As to Nyman’s music ‒ well, predictably enough, it consists in the main of recitative-like vocal lines supported by a repetitively chugging chamber group consisting of two violins, a viola, two cellos, a harp and a piano. But there is much more to it than that. There are certainly some operatic subject-matters to which a basically minimalist style would not be suited; but here it works well. Nyman’s steady rhythms and additive processes here create a sense of inexorable nervous tension, which has the effect of reflecting very vividly the gradual but relentless loss of Dr P.’s powers of cognition. By way of contrast, this nervous tension is frequently interrupted by slower, more lightly scored passages, which tend to accompany reflections on proceedings by the neurologist, but can also involve less predictable elements, such as a full performance of Schumann’s ‘Ich grolle nicht’ from Dichterliebe, which Dr P. delivers to his wife’s piano accompaniment. A particularly good example of Nyman’s ability to vary his musical material within a consistent style comes in a five-minute passage towards the end of the scene in the neurologist’s surgery: the tempo accelerates as Dr P. describes the “darting details” (a sunflower, a snowflake, a map of Dresden, a dinosaur) that flash fleetingly into his mind; this gives way first to an almost arioso passage where he imagines a river and an idyllic guest house, and then to a more heavily scored, faster one that climaxes in his bizarre yet humanly tragic misidentification of his hat. Cumulatively, the music gives expression to a mixture of ongoing tension and emotional ups and downs which will strike many listeners as sensitively reflecting the experience of observing and accompanying a person afflicted with a degenerative illness.

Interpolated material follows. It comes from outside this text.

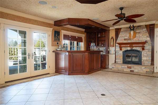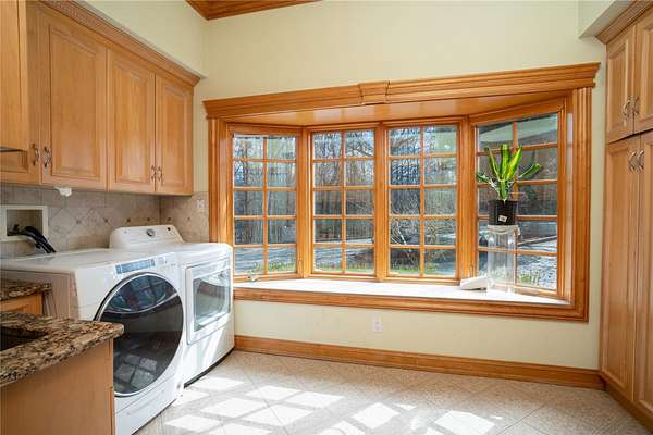 "CHATEAU AMOUR" - Where every sunset tells a love story... Need privacy? Look no further! Surrounded by Clausland Mountain's vast 532-acre nature preserve, this impeccably rebuilt 2007 custom estate at 172 Clausland Mountain Road blends wild beauty and refined luxury with 8,000 SF of finished living space. While you feel a world's apart in your own 5.5 acre sanctuary, it's hard to imagine you are only 30 minutes from NYC and less than 10 minutes to the majestic Hudson River and the river town villages of Nyack & Piermont, all within the award-winning South Orangetown School District. A gated tree-lined driveway welcomes you to a 17-room masterpiece featuring four ensuite bedrooms, seven bathrooms and six fireplaces for a warm, yet regal ambiance. The centerpiece is an expansive kitchen with a towering fireplace, high-end appliances and a 10-foot island, seamlessly extending to granite patios, royal gardens and a fully equipped outdoor chef's kitchen with fireplace, enclosed by Mediterranean-style balusters and secure gates. The grounds include a gated Bonsai garden and koi pond with cascading waterfalls that glimmer under the stars. For leisure and entertaining, enjoy the the panoramic nature views from bountiful patios, including a heated saltwater pool, outdoor fireplace and two hot tubs. If your own slice of heaven isn't enough, with plenty of room for vegetable gardens, vineyard vines, orchards, livestock, tennis court, and even a helicopter pad, bask in the wild through private trails into Clausland Mountain State Park, where endless exploration awaits. The entire setting is like living in a 360 degree perpetual mural that changes by the season; where your view shifts from fall foliage out of a Van Gogh painting, to a Monet winter wonderland. Abutting the property is a magical natural pond, the perfect backdrop for a picnic, swing or an ice skating haven in the winter. Inside, the list goes on and the house doesn't skip a beat, from first floor bedroom, wine cellar, butler's pantry, private office with extensive millwork, meditation room, smart home systems controlled by phone and a finished basement with theater and bar that leads directly to the lush grounds. The separate primary suite wing features vaulted ceilings, a fireplace, wet bar, walk-in closet and a balcony with private hot tub. If the house is too much to explore on foot, take advantage of the elevator which goes to every floor, warm your feet on the radiant heated floors and have the piece of mind your sports cars will enjoy the heated three-car garage. Minutes from the Hudson River and the charming villages of Piermont and Nyack, this property combines secluded living with everyday convenience. Whether you are looking to host or hideaway, 172 Clausland Mountain Road is where art, nature and architecture converge in romance...

The new Naxos performance of Nyman’s work is based on a production given by Nashville Opera in November 2013. Indeed, one of its functions is clearly to provide a souvenir of that occasion: there is a brief note by the director, John Hoomes, and a veritable smorgasbord of credits naming everyone even remotely associated with the production, from the pianist’s page turner through the make-up artist to every conceivable luminary of the Nashville Opera Association. That said, there is nothing to suggest that the CD itself was recorded ‘live’: the sound is of excellent ‘studio’ quality, and there are no audience or stage noises.

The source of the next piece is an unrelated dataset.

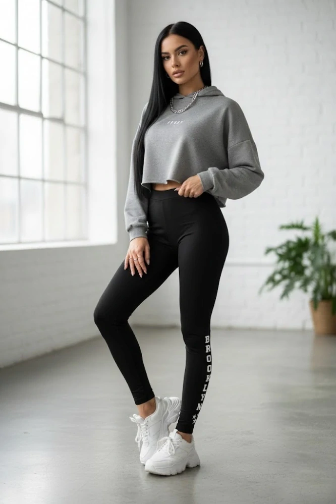 Mestský štýl nikdy nevyzeral pohodlnejšie. Dámske bavlnené legíny s nápisom Brooklyn sú výrazným kúskom, ktorý dodá vášmu outfitu moderný šmrnc a zároveň vám dopraje slobodu pohybu počas celého dňa. Kvalitný bavlnený materiál pôsobí príjemne, je mäkký na dotyk a vďaka vysokému pásu vytvára postavu lichotiaci vzhľad, ktorý zaujme na prvý pohľad.

The three young singers generally acquit themselves well. Curiously, given that one sings the Duke of Mantua and the other Sparafucile, the (pleasingly) baritonal tenor, Ryan MacPherson and the bass, Matthew Trevi˝o initially sound rather like each other – a situation which isn’t helped by the seeming misattribution of some of their lines in the online libretto. But that impression doesn’t really last, and both clearly have the measure of their roles, combining expressiveness with excellent diction. The rather brittle, fluttery soprano of Rebecca Sjowńll will not please all ears, but she gives a vivid performance as the unfortunate wife, rising well to her occasional ‘big moments’ ‒ such as her anguish when, following a period of relative lucidity, Dr P. fails to recognize a photograph of his mother, and her anger when the neurologist speaks seemingly unkindly of her husband’s painting. Dean Williamson and his musicians give a thoroughly sound and sensitive account of the score, though one which seems to me rather to underplay its humour.

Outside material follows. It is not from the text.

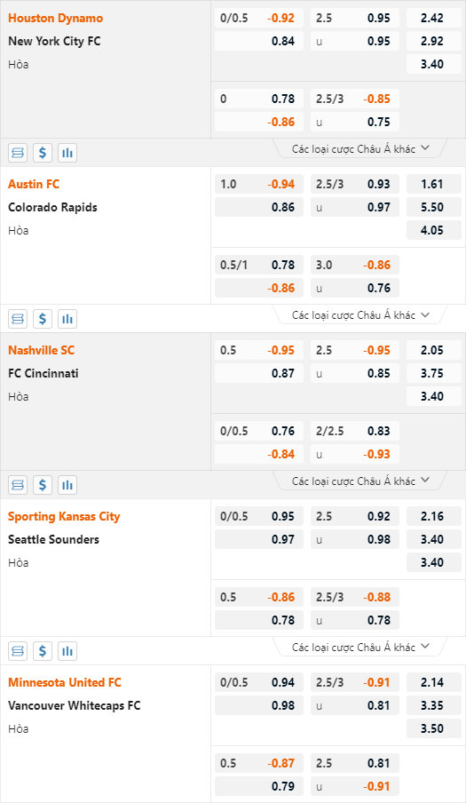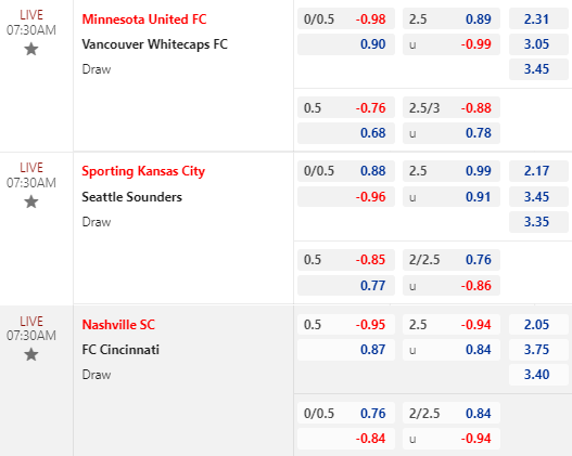 * Sporting Kansas City vs Seattle Sounders: Phong độ tệ hại khi toàn hòa với thua từ đầu mùa nhưng Sporting Kansas City vẫn duy trì vị thế cửa trên với kèo chấp đồng banh ăn ít trận này, điều đó cho thấy chủ là lựa chọn khả dĩ.

Overall, it would be idle to pretend that this new recording supersedes that on CBS Masterworks (MK 44669) featuring such seasoned campaigners as Emile Belcourt and Frederick Westcott, and conducted by the composer. I have seen no evidence, however, to suggest that this 1987 issue remains generally available, or that there have been any other recordings since. In that context especially, the Nashville recording can be warmly welcomed and recommended. One could do with slightly older singers, and the performance as a whole perhaps lacks something in characterful individuality; on the other hand, there is nothing seriously wrong with it, the sound is good, and – above all – it restores to the catalogue a highly unusual work of real craftsmanship and considerable depth.